**Action item**
From the line containing "取少许煎火腿丝的油,抹下锅底,取适量土豆丝,要煎大的就多点,小的就少点" down to the last line of the listing, quote everything word for word, and nothing else, keeping pictures out.

**Task data**
· · ·

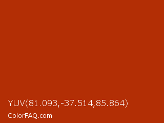 YUV 81.093,-37.514,85.864 Color is a normal red color and the nearest color is Rufous #a81c07. Hex code #b32e05 and RGB value is rgb(179,46,5). In RGB color space, this color is composed of 70% red, 18% green, 2% blue, In CMYK color space, this color is composed of 0% cyan, 74% magenta, 97% yellow , 30% black , In HSL color space, this color has a hue angle of 14° , 95% saturation and 36% lightness.
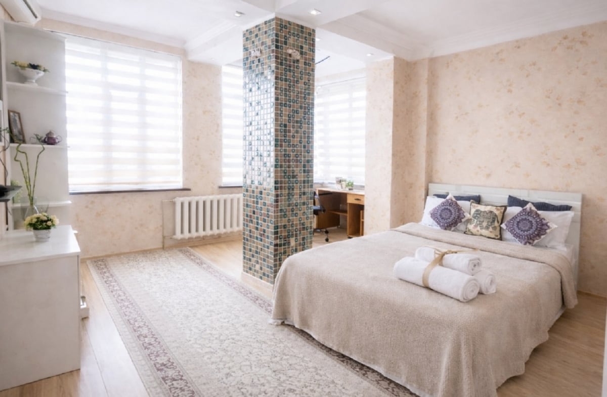 Enjoy your stay in the heart of Dushanbe, steps away from attractions and cafes. The apartment is decorated in a boho style with a touch of Tajik national colors and charm. For your convenience and well-being, we've installed a multi-stage water filtration system. Enjoy the freshness of Tajik water straight from the tap. We warmly invite you to stay in our home.
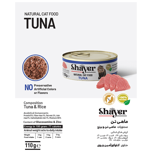 کنسرو ماهی نچرال 110 گرمی گربه shayer
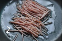 取少许煎火腿丝的油,抹下锅底,取适量土豆丝,要煎大的就多点,小的就少点
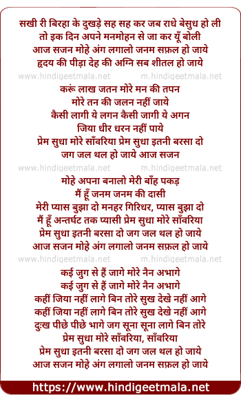 Lyrics of Aaj Sajan Mohe Ang Lagalo - आज साजन मोहे अंग लगालो
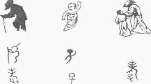 請(qǐng)大家看這樣一幅圖,那第一個(gè),一個(gè)老人拄著拐杖行走,象形之后形成了甲骨文中的一個(gè)“老”字。
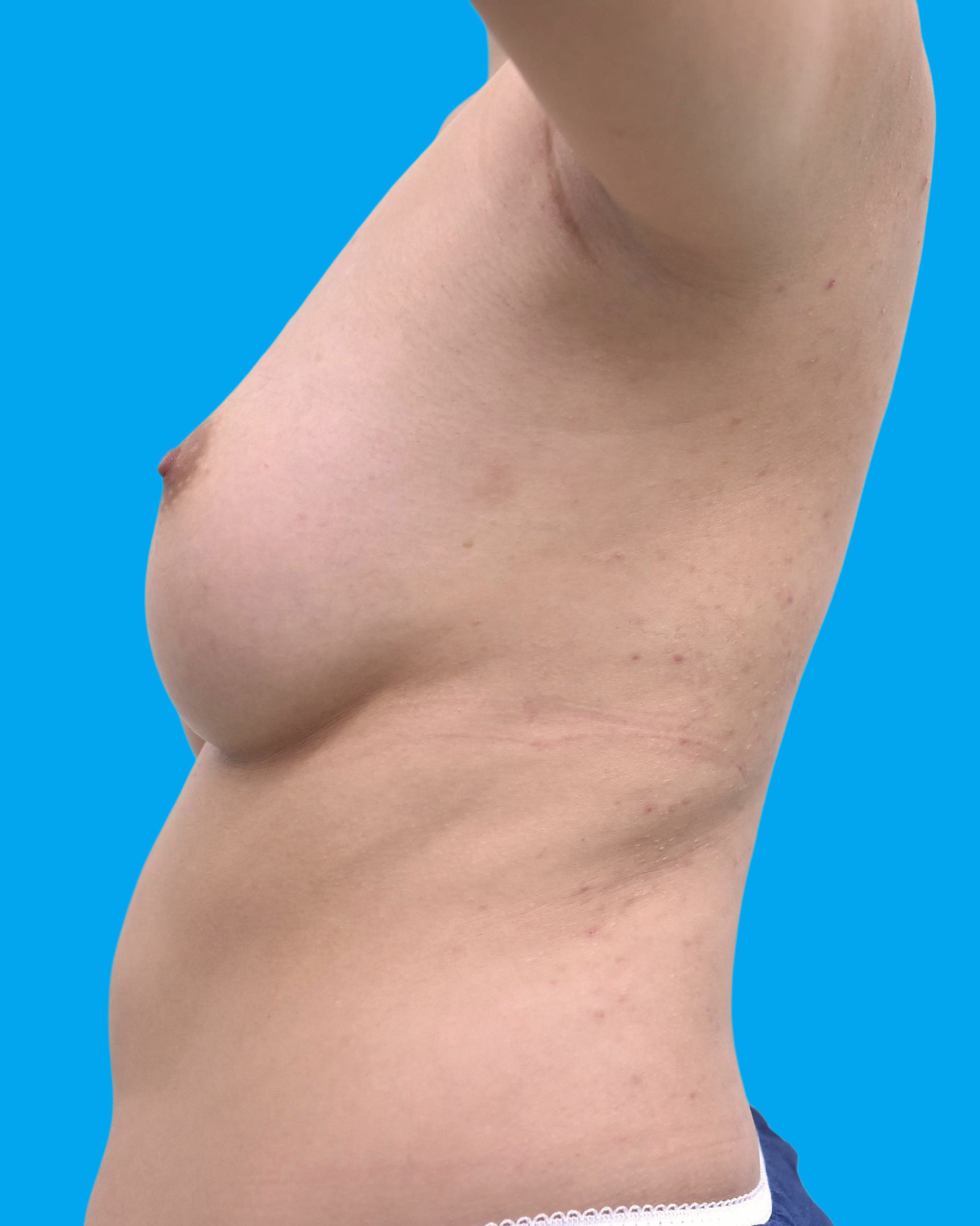30代女性の脂肪注入豊胸術症例になります。すでに175ccのコヒーシブシリコンバックが入っていますが、薄い形状のバッグを使用したらしく、胸の大きさに対してトップバストが低いことを気にされていました。トップバストを高くすることを目的に脂肪注入豊胸術を行っています。 大腿おもて面、内側2か所から脂肪吸引を行い、ピュアグラフトを使用して脂肪を精製しています。左右ともに150ccずつ脂肪注入を行いました。 3か月検診時、斜めと横から見た場合、トップバストが高くなっているのがわかります。約1カップアップしました。

· · ·

**Response below**
 取少许煎火腿丝的油,抹下锅底,取适量土豆丝,要煎大的就多点,小的就少点
 Lyrics of Aaj Sajan Mohe Ang Lagalo - आज साजन मोहे अंग लगालो
 請(qǐng)大家看這樣一幅圖,那第一個(gè),一個(gè)老人拄著拐杖行走,象形之后形成了甲骨文中的一個(gè)“老”字。
30代女性の脂肪注入豊胸術症例になります。すでに175ccのコヒーシブシリコンバックが入っていますが、薄い形状のバッグを使用したらしく、胸の大きさに対してトップバストが低いことを気にされていました。トップバストを高くすることを目的に脂肪注入豊胸術を行っています。 大腿おもて面、内側2か所から脂肪吸引を行い、ピュアグラフトを使用して脂肪を精製しています。左右ともに150ccずつ脂肪注入を行いました。 3か月検診時、斜めと横から見た場合、トップバストが高くなっているのがわかります。約1カップアップしました。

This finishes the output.